Chapter 2 Data sources

The Worldwide Mobile App User Behavior Dataset contains cross-country user behavior data collected through a survey conducted by Lim et al. for their research paper, Investigating Country Differences in Mobile App User Behavior and Challenges for Software Engineering, aiming to investigate the relationship between app user behavior and the country demographic. The dataset is made public and stored in Harvard Dataverse Repository, an open data repository organized by the Harvard community.

The survey collected responses from 10,208 participants spanning more than 15 countries, including the United States of America, China, Japan, Germany, France, Brazil, the United Kingdom, Italy, Russian Federation, India, Canada, Spain, Australia, Mexico, and Republic of Korea.
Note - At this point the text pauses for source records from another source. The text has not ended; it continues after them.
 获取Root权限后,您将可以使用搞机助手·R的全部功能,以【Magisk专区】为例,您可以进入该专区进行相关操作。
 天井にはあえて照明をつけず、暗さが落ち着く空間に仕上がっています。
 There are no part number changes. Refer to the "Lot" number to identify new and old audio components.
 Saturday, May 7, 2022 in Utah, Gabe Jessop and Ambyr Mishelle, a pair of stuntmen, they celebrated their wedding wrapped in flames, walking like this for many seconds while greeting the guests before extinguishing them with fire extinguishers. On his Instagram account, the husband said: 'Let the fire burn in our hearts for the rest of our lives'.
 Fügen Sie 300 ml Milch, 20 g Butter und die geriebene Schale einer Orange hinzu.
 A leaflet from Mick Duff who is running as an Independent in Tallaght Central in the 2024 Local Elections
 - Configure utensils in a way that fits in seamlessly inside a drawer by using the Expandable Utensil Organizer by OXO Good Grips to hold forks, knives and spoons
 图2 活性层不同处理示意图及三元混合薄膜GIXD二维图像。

The questionnaire is threefold with 31 questions in total: the first part focuses on user behavior in terms of mobile app usage; the second part asks individual demographic information such as gender, age, and household income, etc; the third part is centered around user personality based on the Big Five personality traits.
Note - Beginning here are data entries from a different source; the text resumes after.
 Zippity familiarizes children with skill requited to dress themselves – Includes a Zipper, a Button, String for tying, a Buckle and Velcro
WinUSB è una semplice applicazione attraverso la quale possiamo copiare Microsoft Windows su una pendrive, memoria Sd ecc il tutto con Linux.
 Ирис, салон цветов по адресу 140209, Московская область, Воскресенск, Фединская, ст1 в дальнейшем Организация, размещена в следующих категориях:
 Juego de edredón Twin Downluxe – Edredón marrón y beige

A more detailed description about the attributes included in this dataset is as following:

Dataset: mobile_app_user_dataset.xlsx

Link to Harvard Dataverse Repository: https://dataverse.harvard.edu/dataset.xhtml;jsessionid=c4428c7c612c7607165aa4d0ebde?persistentId=doi%3A10.7910%2FDVN%2F27459&version=&q=&fileAccess=&fileTag=%22dataset%22&fileSortField=name&fileSortOrder=desc

Table 2.1: Column Description
ï Column Name	Description
ID	Unique ID for each participant
StartDate	Date and time the participant started this survey
EndDate	Date and time the participant completed this survey
Response Status	Response status: incomplete/complete/screened out/bad data
Participant Type	ours/panel
Q1_1	Browser type
Q1_2	Browser version
Q1_3	Browser operating system
Q1_4	Browser screen resolution
Q1_5	Browser flash version
Q1_6	Browser Java support
Q1_7	Browser user agent
Q2	Binary indicator of whether the respondent has a mobile device
Q3_1	Mobile device manufacturer
Q3_2	Mobile device model
Q3_3	Binary indicator of whether the respondent use apps
Q4_1	Type of app store
Q4_2	Binary indicator of whether the respondent knows which app store he/she is using
Q5	Frequency that the respondent visits app store to look for apps
Q6	Amount of app downloads per month
Q7	Under what situation does the respondent look for apps
Q8	Ways to find apps
Q9	Things to consider before downloading
Q10	Purpose of downloading
Q11	Reasons for spending money on apps
Q12_1	Maximum spending on an app
Q12_2	Name of the app that the respondent has spent the most
Q12_3	Reasons for downloading the app that the respondent has spent the most
Q12_4	Best/worst featue of the app that the respondent has spent the most
Q12_5	Average spending on apps per month
Q13	Reasons for rating apps
Q14	Reasons for stopping use an app
Q15	Type of downloaded app
Q16	Respondent’s gender
Q17	Respondent’s age
Q18	Respondent’s marital status
Q19	Respondent’s nationality
Q20	Respondent’s country of residence
Q21	Respondent’s first language
Q22	Respondent’s ethnicity
Q23	Respondent’s highest level of education
Q24	Respondent’s years of education
Q25	Wether the respondent has a disability
Q26	Respondent’s current employment status
Q27	Respondent’s occupation
Q28	Currency of household income
Q29	Annual household income
Q30	Personality traits

Issue with this dataset: this survey is self-reported and therefore, might be subjected and be influenced by factors such as individual experience and cultural background. Besides, many answers provided by participants are not exact but mostly approximations. For example, users might be unaware of the exact number of apps downloaded per month and use an approximation instead.